Dataset content »
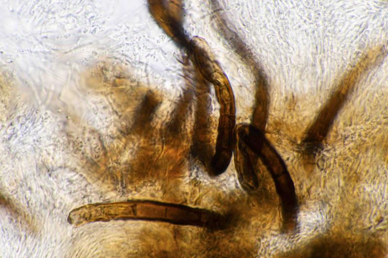 I see with dead material it is much less easy to observe free mature spores, because they are shot away during drying.
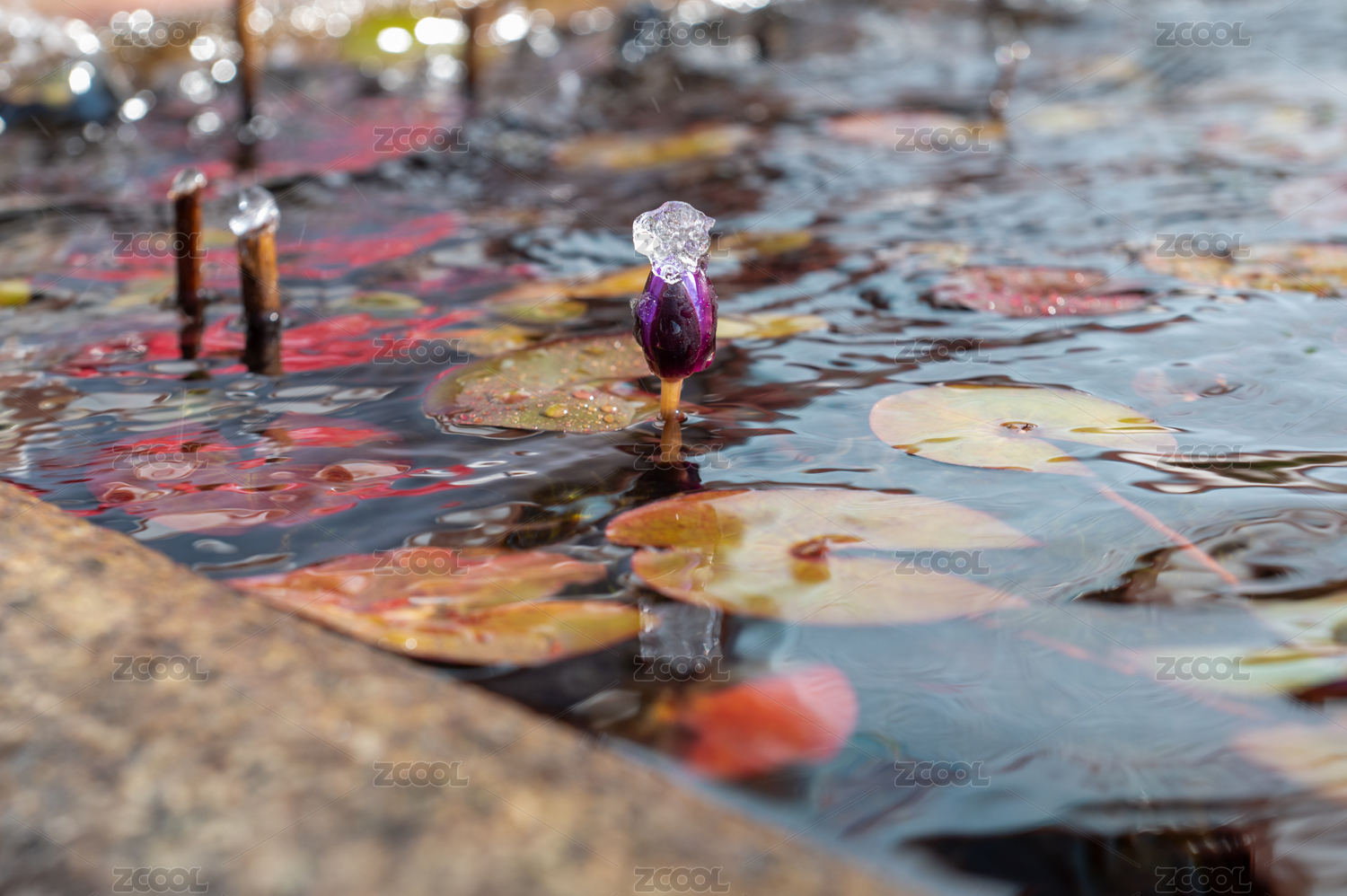 寺廟水池里正在曬太陽(yáng)的烏龜特寫(xiě)
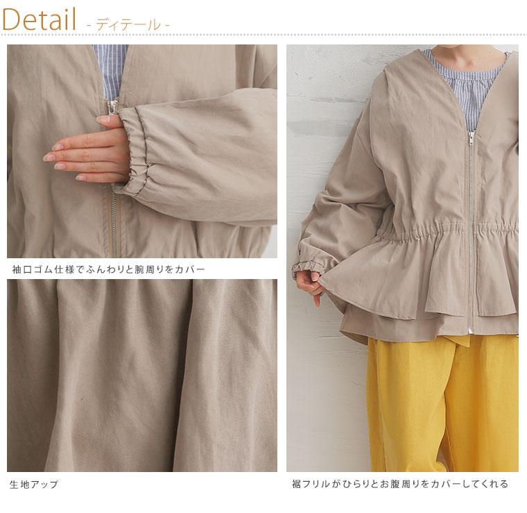 ゆとりをもって着用できました。裾のフリルが可愛くてお腹周りもしっかりカバーしてくれますね。とても女性らしいブルゾンです。

Task to complete » Write the material out again exactly. Skip each picture.

Answer space »
 I see with dead material it is much less easy to observe free mature spores, because they are shot away during drying.
 寺廟水池里正在曬太陽(yáng)的烏龜特寫(xiě)
 ゆとりをもって着用できました。裾のフリルが可愛くてお腹周りもしっかりカバーしてくれますね。とても女性らしいブルゾンです。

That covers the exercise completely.